*GIVEN ENTRIES*.
= Beginning of Section =

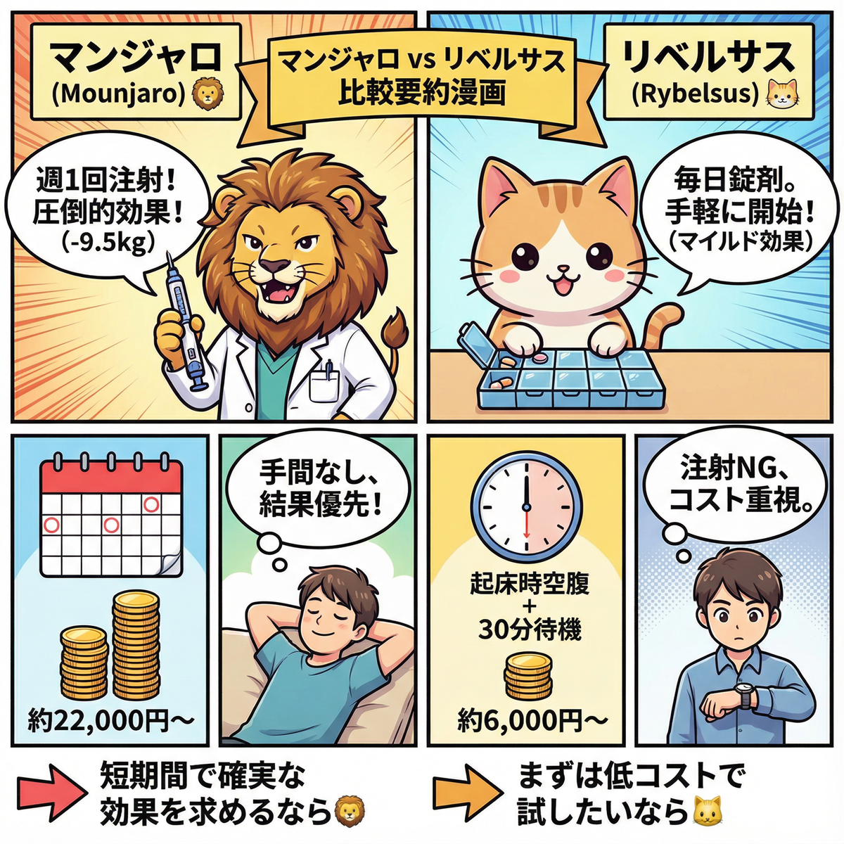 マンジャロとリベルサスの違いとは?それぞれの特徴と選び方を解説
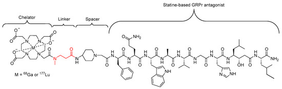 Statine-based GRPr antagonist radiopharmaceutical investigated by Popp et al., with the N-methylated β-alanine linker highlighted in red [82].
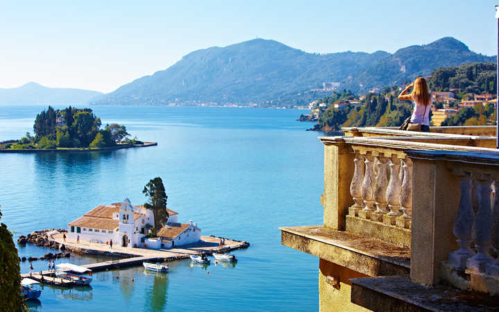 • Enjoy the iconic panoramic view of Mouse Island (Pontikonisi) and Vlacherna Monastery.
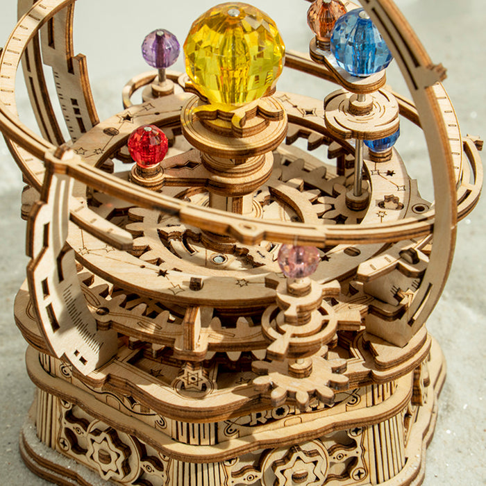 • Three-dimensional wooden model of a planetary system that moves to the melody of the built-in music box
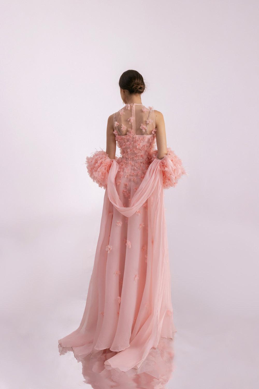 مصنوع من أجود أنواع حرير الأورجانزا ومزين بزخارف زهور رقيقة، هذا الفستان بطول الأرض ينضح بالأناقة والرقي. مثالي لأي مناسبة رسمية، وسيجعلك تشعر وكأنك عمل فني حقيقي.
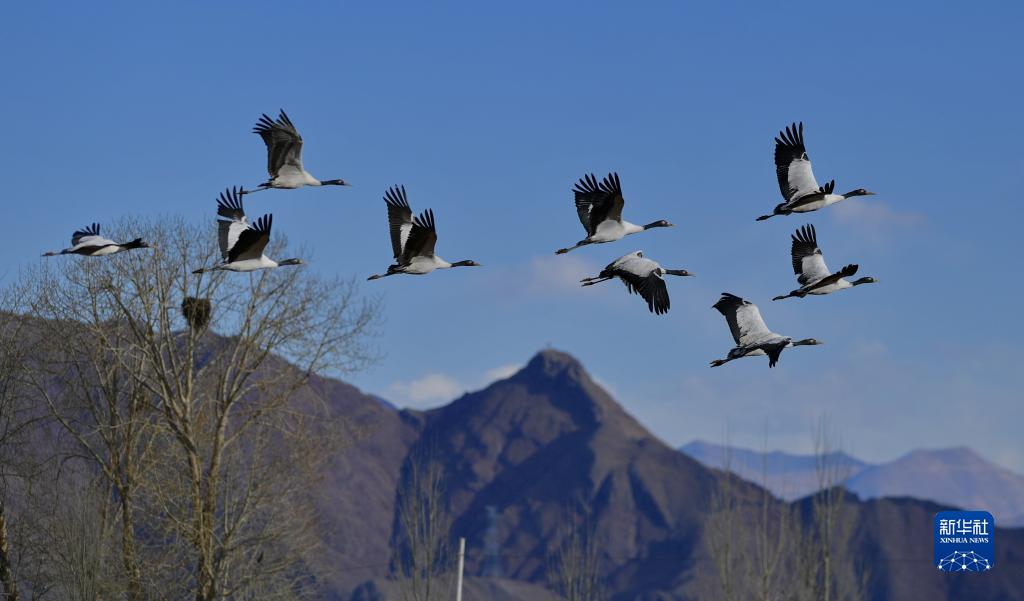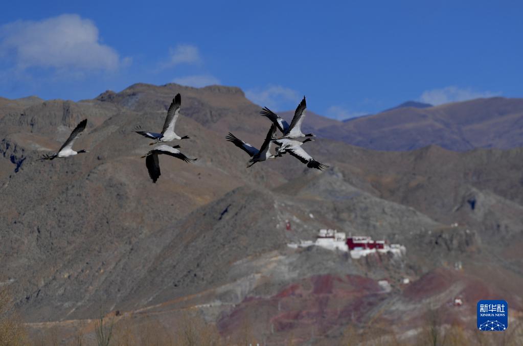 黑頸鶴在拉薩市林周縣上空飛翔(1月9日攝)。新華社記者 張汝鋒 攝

= End of Section =

*TASK TO CARRY OUT*. Your task is to repeat, word for word and with no picture, every line from the one that contains "built-in music box" through the last line of the data.

*COMPLETED TASK*.
 • Three-dimensional wooden model of a planetary system that moves to the melody of the built-in music box
 مصنوع من أجود أنواع حرير الأورجانزا ومزين بزخارف زهور رقيقة، هذا الفستان بطول الأرض ينضح بالأناقة والرقي. مثالي لأي مناسبة رسمية، وسيجعلك تشعر وكأنك عمل فني حقيقي.
 黑頸鶴在拉薩市林周縣上空飛翔(1月9日攝)。新華社記者 張汝鋒 攝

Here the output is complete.